# W5 Practicals - Performance

### Aims:
* To gain some practical experience in evaluating supervised machine learning
models.
* To produce some assessable work for this subject.

### Procedure:
In Prac W2 we applied k-NN and decision tree models to simple classification and regression datasets. The evaluation of the models was based on a single 70/30 split of the data into training and test data. In this Prac we will look more closely at the evaluation of these models.
> Select one of the questions (3 – 6) from Prac W2 and revisit it for this prac.

> On blackboard you will find a [link](https://docs.google.com/spreadsheets/d/1HAIDBp9ofIeEp5_braHBnwJ-heN8qdaxn5qk3q1c0vo/edit?usp=sharing) to a Google spreadsheet. Go there and enter your answers for Q2 – Q5.

In [49]:
# Common Imports
import pandas as pd

In [50]:
# ANSI color
class color:
  YELLOW_BOLD = '\033[1;33m'
  END = '\033[0m'

### Q1: Repeat Q2 from Prac W2 10 times, saving the 10 resulting training and test sets.

In [51]:
# Specific Imports
import os
import datetime
from sklearn.model_selection import train_test_split

In [53]:
def load_and_split_data(CSV_file, test_size=0.3, random_state=42):
  """
  Loads a CSV file and splits it into training and test sets.

  Parameters:
  CSV_file (str): The path to the CSV file.
  test_size (float): The proportion of the data to include in the test split.
  random_state (int): The seed used by the random number generator.

  Returns:
  tuple: A tuple containing the training and test sets.
  """
  df = pd.read_csv(CSV_file, header=None)
  X, y = df.iloc[:, :-1].values, df.iloc[:, -1].values
  return train_test_split(X, y, test_size=test_size, random_state=random_state)

def save_split_data(data_splits, iteration, headers, save_dir="datasets"):
    """
    Saves the combined X_train, y_train, X_test, and y_test for one iteration to CSV files.
    The files are named X{iteration}_train.csv and X{iteration}_test.csv.

    Parameters:
    data_splits (tuple): A tuple containing the training and test sets.
    iteration (int): The iteration number.
    headers (list): A list of column headers for the CSV files.
    save_dir (str): The directory where the CSV files will be saved.
    """
    if not os.path.exists(save_dir):
      os.makedirs(save_dir)

    train_dir = os.path.join(save_dir, 'train')
    test_dir = os.path.join(save_dir, 'test')

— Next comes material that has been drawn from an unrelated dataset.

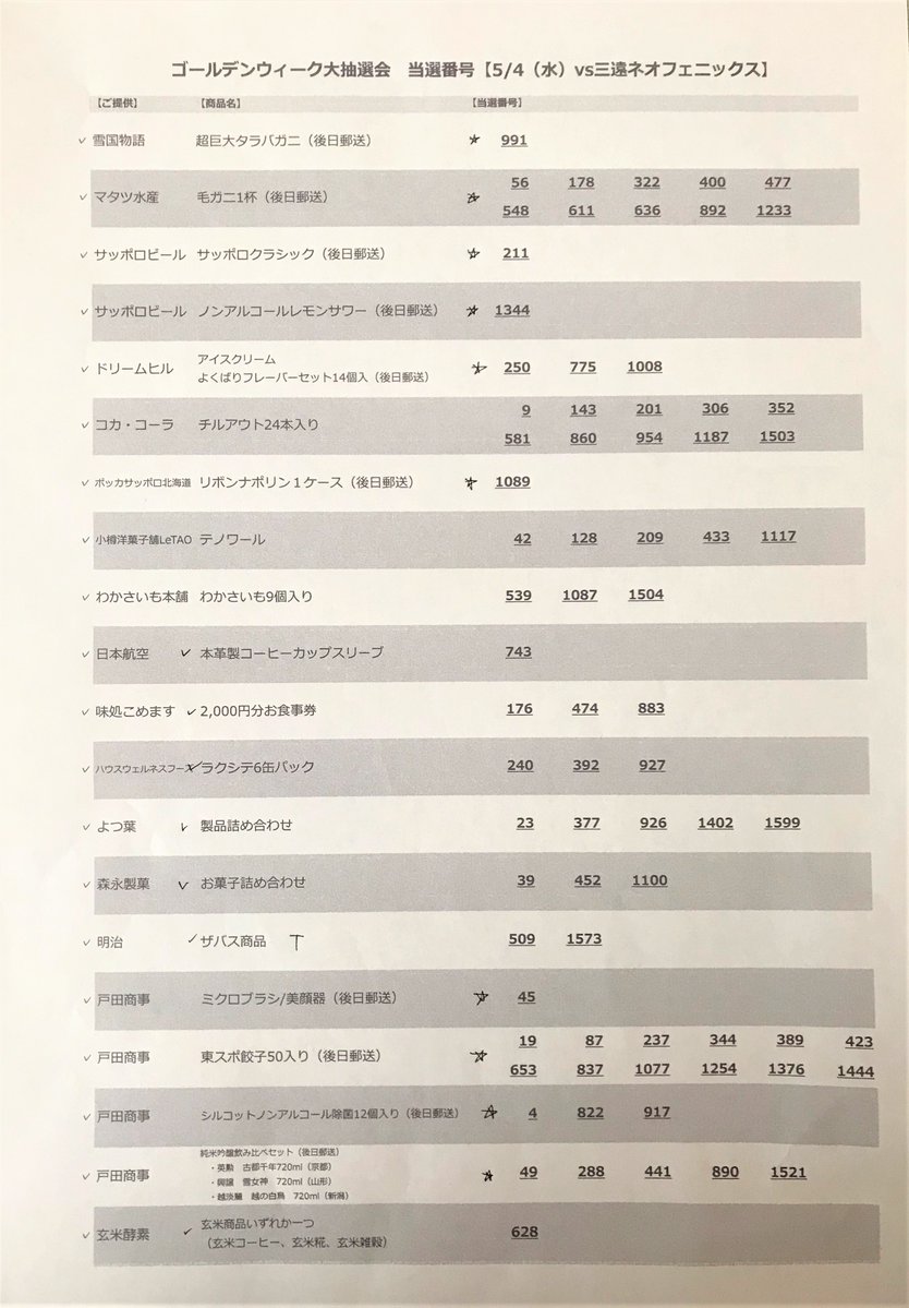 本日5/4(水祝)の『ゴールデンウイーク大抽選会』🎯当選番号の発表です🎊📣当選された方は💁【1階 特設ブース】にて当選番号の券をご提... [レバンガ北海道【Twitter】]
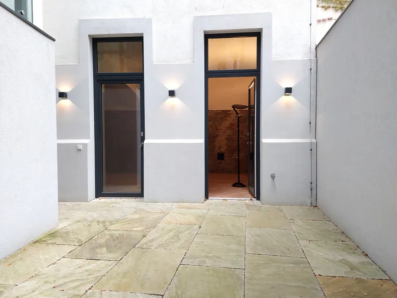 Das Atelier besitzt 2 Eingänge sowie einen Ausgang in den ca. 27 m² großen Innenhof.

    os.makedirs(train_dir, exist_ok=True)
    os.makedirs(test_dir, exist_ok=True)

    X_train, X_test, y_train, y_test = data_splits

    def save_data(X, y, filename):
        combined_data = pd.DataFrame(X)
        combined_data['target'] = y
        combined_data.columns = headers
        combined_data.to_csv(filename, index=False)

    save_data(X_train, y_train, os.path.join(train_dir, f"X{iteration}_train.csv"))
    save_data(X_test, y_test, os.path.join(test_dir, f"X{iteration}_test.csv"))

    print(f"Data saved as '{save_dir}/train/X{iteration}_train.csv' and 'test/X{iteration}_test.csv'")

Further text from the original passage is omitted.